(Dataset entries Opens)

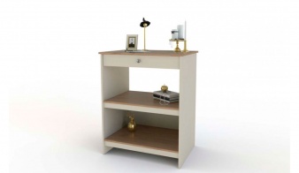 Туалетный столик Вико 5 BMS отличается компактными размерами и практичностью конструкции. Оборудованная двумя просторными полками и столешницей с выдвижным ящичком, открытая модель может выполнять роль тумбы и разместить книги, уходовые средства, аксессуары и прочие мелочи. Лаконичный дизайн и нейтральное сочетание белого и древесного тонов делают столик универсальным. Купить туалетный столик Вико 5 BMS для небольшой современной спальни приглашаем недорого к нам в интернет-магазин.
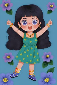 blue flower, flower, hydrangea, white flower, bracelet, 1girl, lily \(flower\), daisy, bell, blue rose, long hair, purple flower, solo, jewelry, breasts, dress, blue theme, arms up, open mouth, armpits, looking at viewer, medium breasts
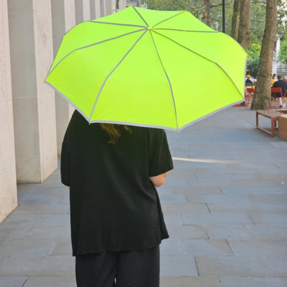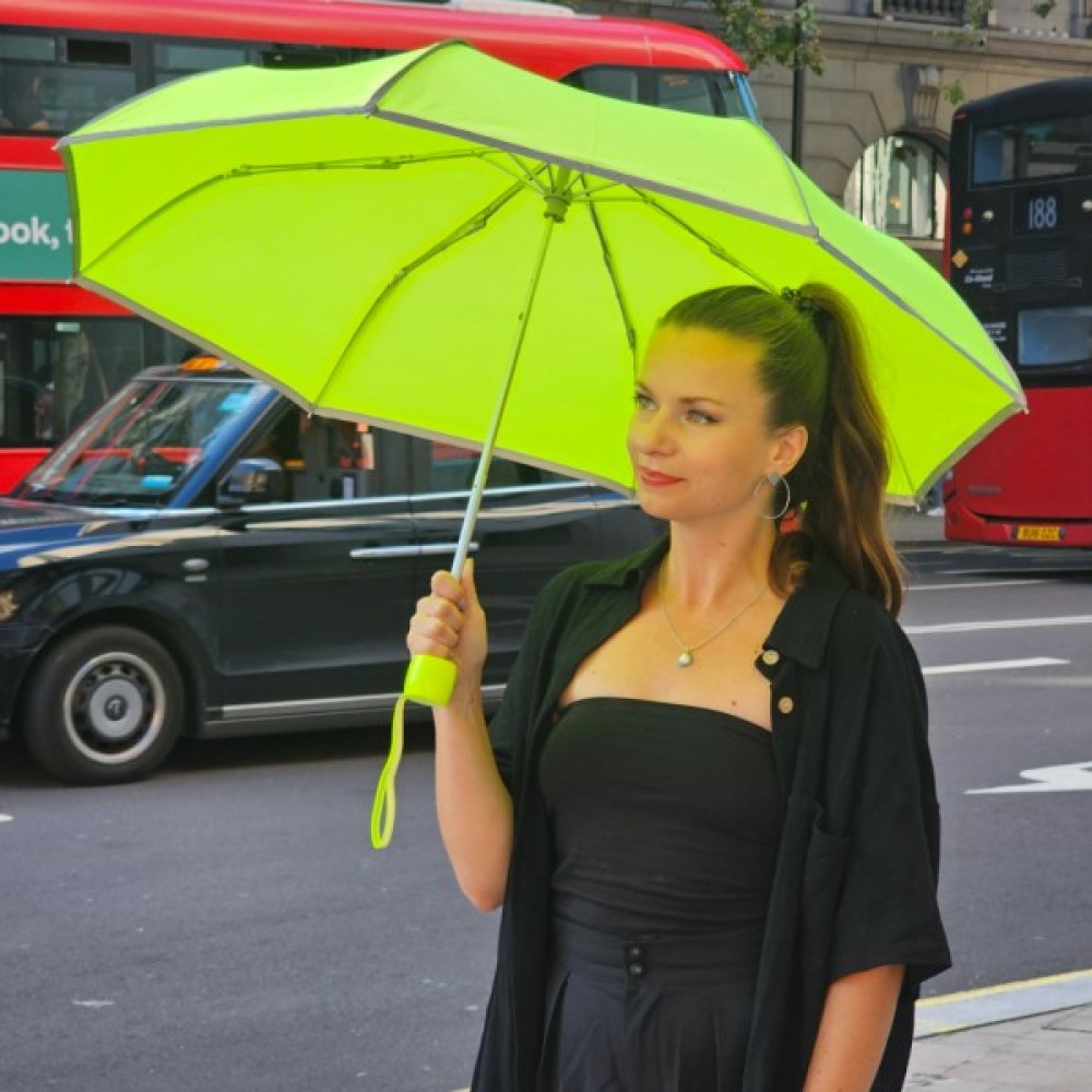 Незвичайна новинка від бренду Fulton Minilite -1 Neon L 353 лимонного кольору, має по краях і швах елементи, що відбивають світло, які відмінно видно в темний час доби. Також парасолька має захист UPF30+ від ультрафіолетових променів .
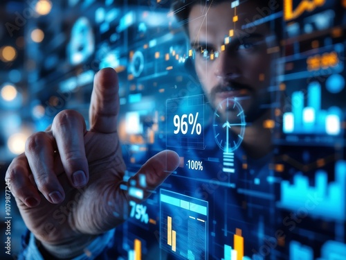 An engaging close-up image of a man interacting with a digital display showing key business metrics, including clocks, ticks, and percentage data.
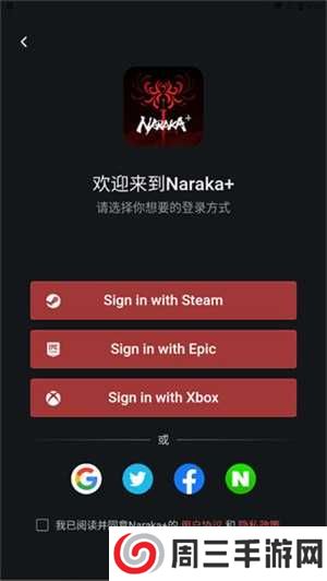 3、也可以选择谷歌、推特等平台账号进行登录,勾选同意协议之后进行登录
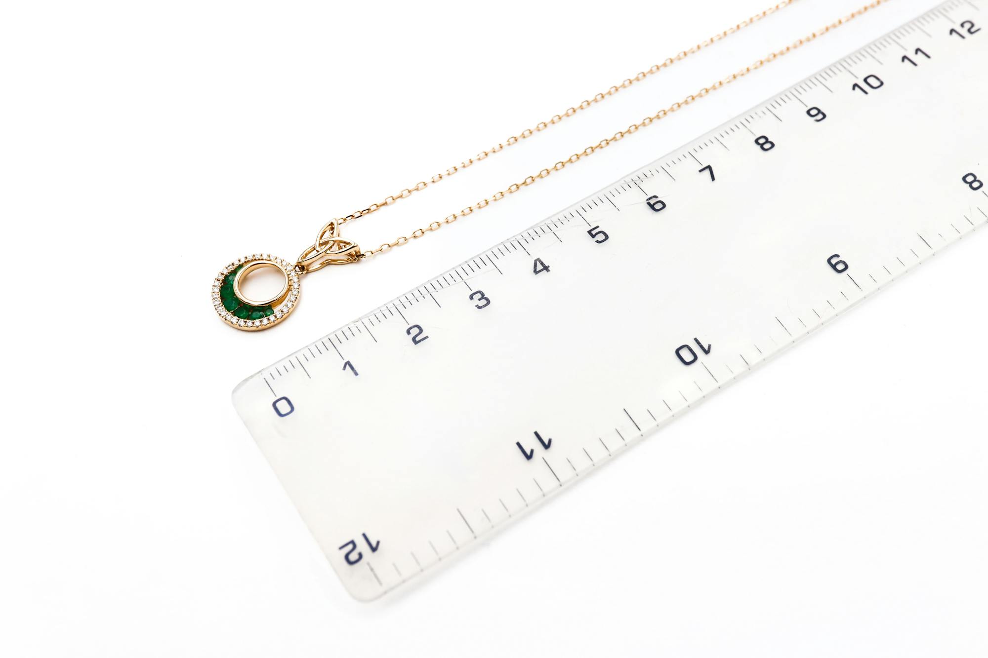 The necklace is made with 0.12 tcw of natural diamond (G/H SI) and 0.21 tcw of vibrant natural emerald of the highest colour quality. A 14K gold 18" inch chain is included which can be shortened 17" or 16" inches as desired. If you prefer a longer or chunkier chain please choose from the handpicked selection that pair perfectly with this special bale.
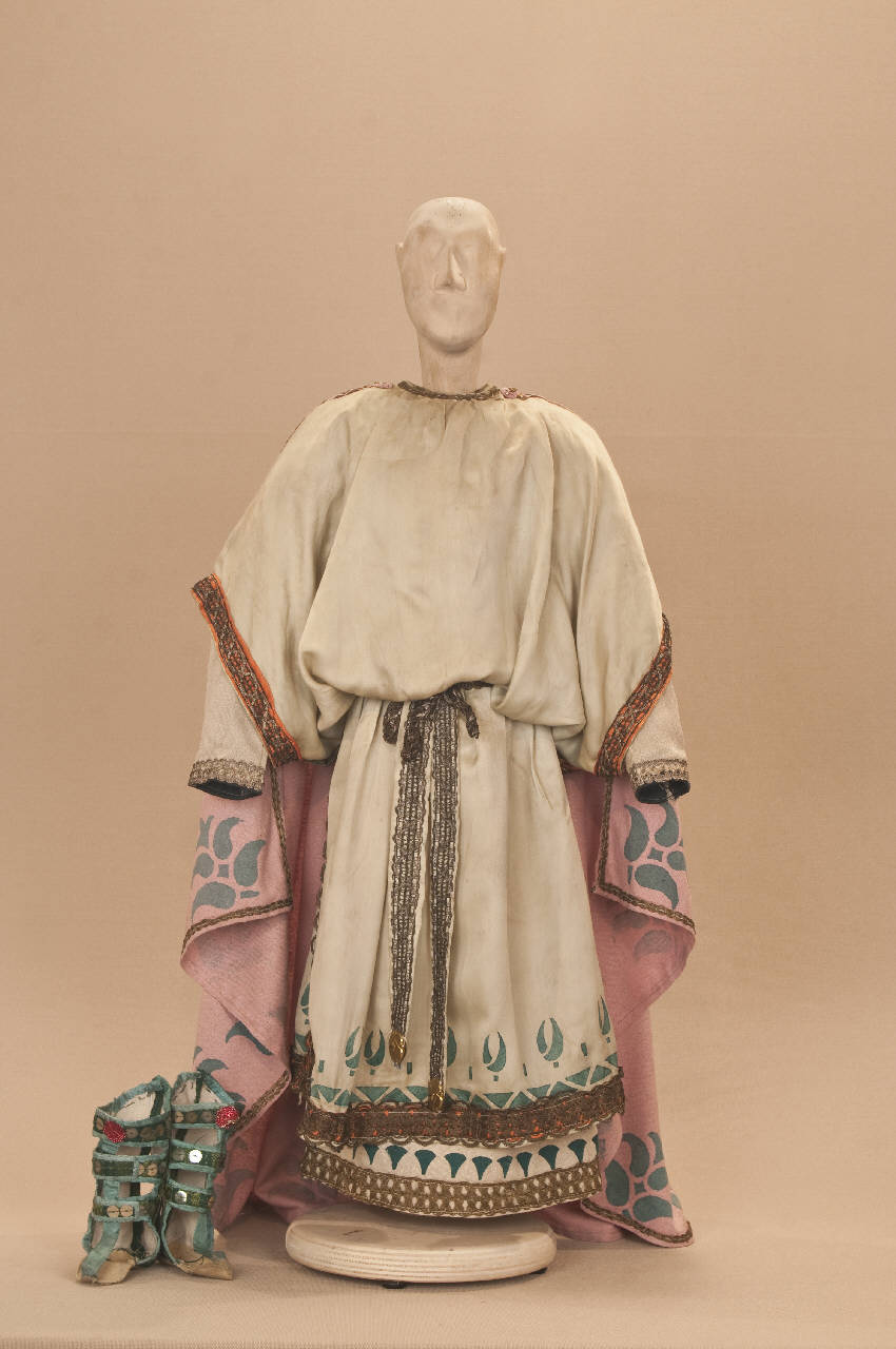 Costume di nobile greco di epoca romana per il personaggio del Re Magio Gaspare composto da veste, mantello e calzari.
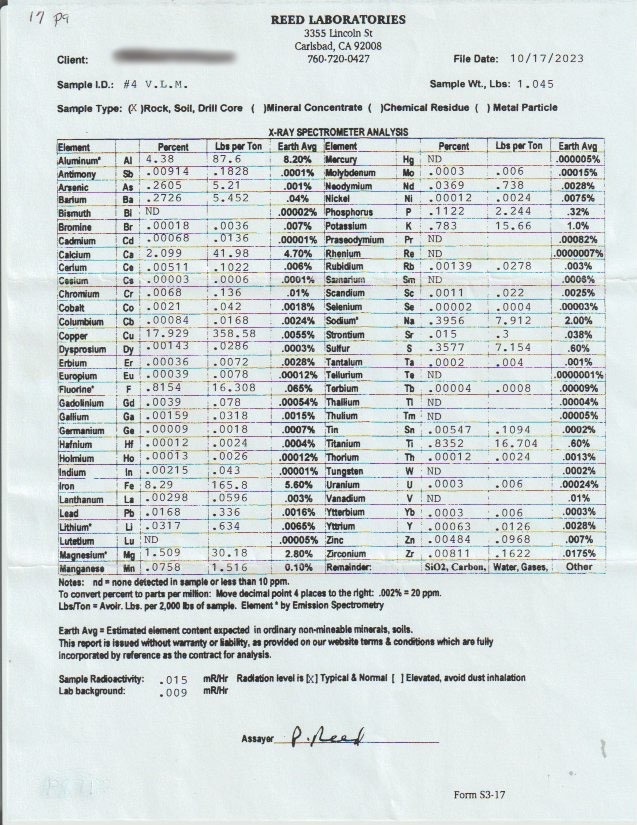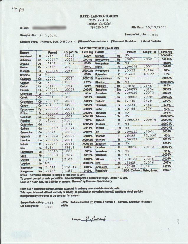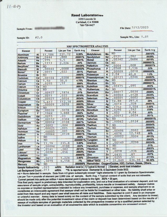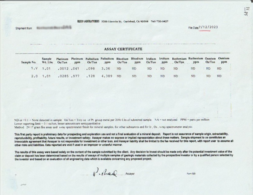 • Platinum Group Elements & Barium - Platinum (up to 0.041 oz/ton) and palladium (up to 4.389 ppm) were detected in 2023 PGE-specific assays — an unusual and potentially significant finding for this type of deposit that was never tested for in prior examinations. The presence of barium further increases profitability by reducing worthless gangue material per ton if processed.

(Dataset entries Closes)

## Activity
Give every line above again exactly, omitting whatever pictures appear.

## Expected answer
 Туалетный столик Вико 5 BMS отличается компактными размерами и практичностью конструкции. Оборудованная двумя просторными полками и столешницей с выдвижным ящичком, открытая модель может выполнять роль тумбы и разместить книги, уходовые средства, аксессуары и прочие мелочи. Лаконичный дизайн и нейтральное сочетание белого и древесного тонов делают столик универсальным. Купить туалетный столик Вико 5 BMS для небольшой современной спальни приглашаем недорого к нам в интернет-магазин.
 blue flower, flower, hydrangea, white flower, bracelet, 1girl, lily \(flower\), daisy, bell, blue rose, long hair, purple flower, solo, jewelry, breasts, dress, blue theme, arms up, open mouth, armpits, looking at viewer, medium breasts
 Незвичайна новинка від бренду Fulton Minilite -1 Neon L 353 лимонного кольору, має по краях і швах елементи, що відбивають світло, які відмінно видно в темний час доби. Також парасолька має захист UPF30+ від ультрафіолетових променів .
 An engaging close-up image of a man interacting with a digital display showing key business metrics, including clocks, ticks, and percentage data.
 3、也可以选择谷歌、推特等平台账号进行登录,勾选同意协议之后进行登录
 The necklace is made with 0.12 tcw of natural diamond (G/H SI) and 0.21 tcw of vibrant natural emerald of the highest colour quality. A 14K gold 18" inch chain is included which can be shortened 17" or 16" inches as desired. If you prefer a longer or chunkier chain please choose from the handpicked selection that pair perfectly with this special bale.
 Costume di nobile greco di epoca romana per il personaggio del Re Magio Gaspare composto da veste, mantello e calzari.
 • Platinum Group Elements & Barium - Platinum (up to 0.041 oz/ton) and palladium (up to 4.389 ppm) were detected in 2023 PGE-specific assays — an unusual and potentially significant finding for this type of deposit that was never tested for in prior examinations. The presence of barium further increases profitability by reducing worthless gangue material per ton if processed.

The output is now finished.